=== Begin Enclosure ===
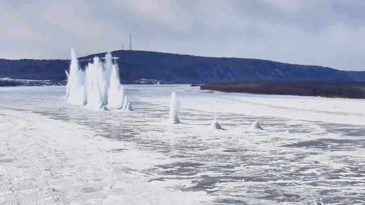 專業爆破隊伍先用鑽孔機精準打穿厚達1.5米的冰層,將炸藥精準布設至冰面下緊貼冰層的位置,隨後完成引線連接、人員撤離等流程。起爆指令落下,江面冰層轟然碎裂,數十米冰霧騰空而起,壯闊場面震撼人心。
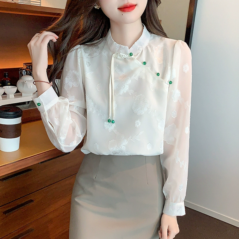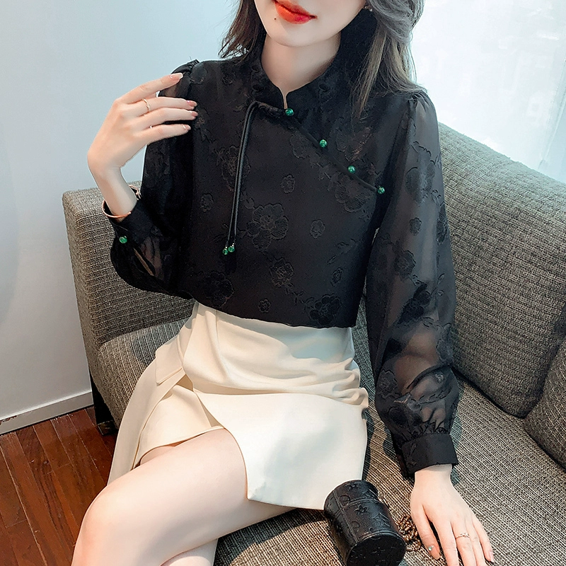 | nameOriginal | Chinese style three-quarter sleeve retro buttoned women's chiffon shirt |
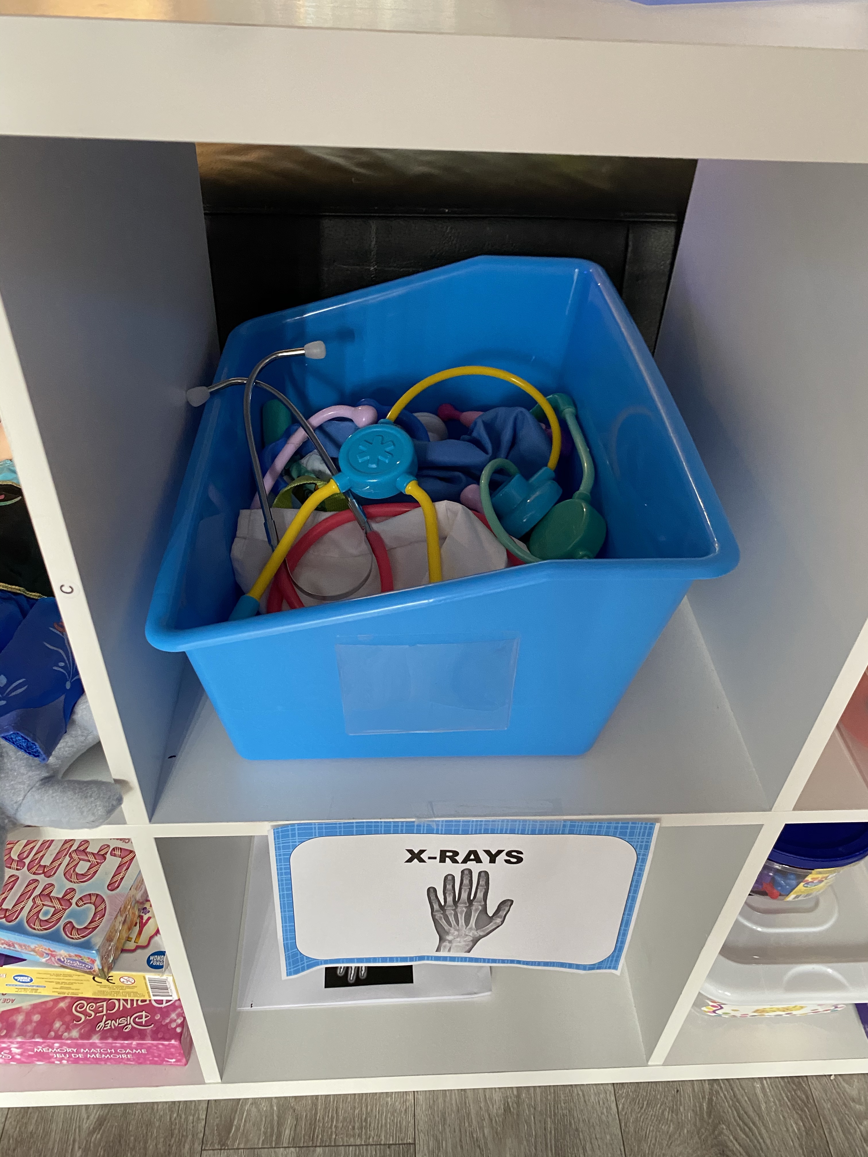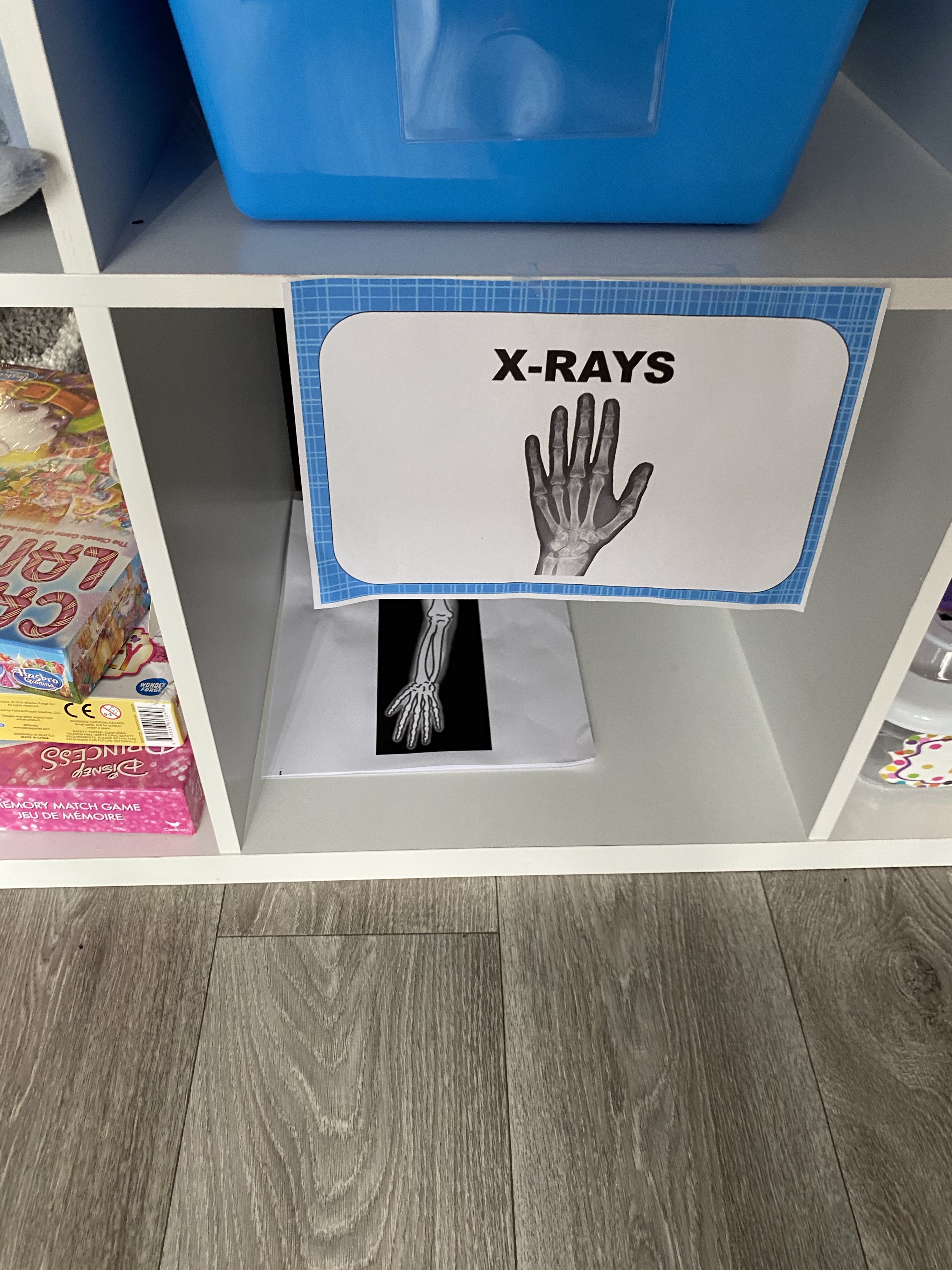 Another cool thing to do is set up a clear storage box, ( I have yet to do this yet) put battery Christmas lights inside it and it can become the x-ray light box. Just print off pretend play x-rays, and they will light up. You can also make it for your magnetic blocks.
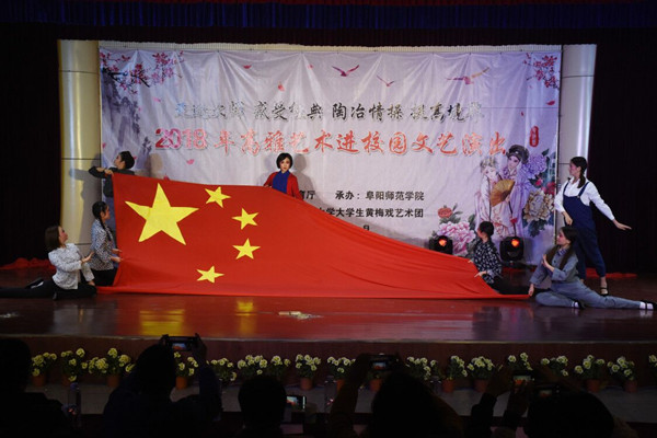 “高雅艺术进校园”活动是国家教育主管部门促进高校素质教育的重要举措,旨在将高雅艺术融人校园文化建设,达到艺术教育“润物无声、育人无形”的效果。2009年,beat365官网大学生黄梅戏艺术团经过遴选,成为全国“高雅艺术进校园”的65家团队之一。9年来,艺术团走进全国50多家高校,用精彩的演出传递了黄梅艺术之美,让传统文化在青年学子心中扎根。“高雅艺术进校园”活动不仅是教学成果的一种展示,在这个过程中,以演促教、以演促学。同时,也有利于发挥高校社会服务职能,促进区域文化传播。
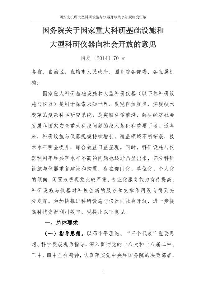 1、国务院关于国家重大科研基础设施和大型科研仪器向社会开放的意见(国发〔2014〕70号).pdf
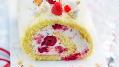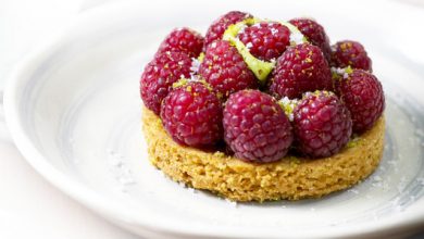 Baba de coquilles Saint-Jacques aux framboises en chaud froid, crème Isigny Ste-Mère au citron et estragon
=== End Enclosure ===
Print only the lines running from the line that contains "1、国务院关于国家重大科研基" to the final line of the listing, both included. Omit every picture.

[ANSWER TO THE PROBLEM]:
 1、国务院关于国家重大科研基础设施和大型科研仪器向社会开放的意见(国发〔2014〕70号).pdf
 Baba de coquilles Saint-Jacques aux framboises en chaud froid, crème Isigny Ste-Mère au citron et estragon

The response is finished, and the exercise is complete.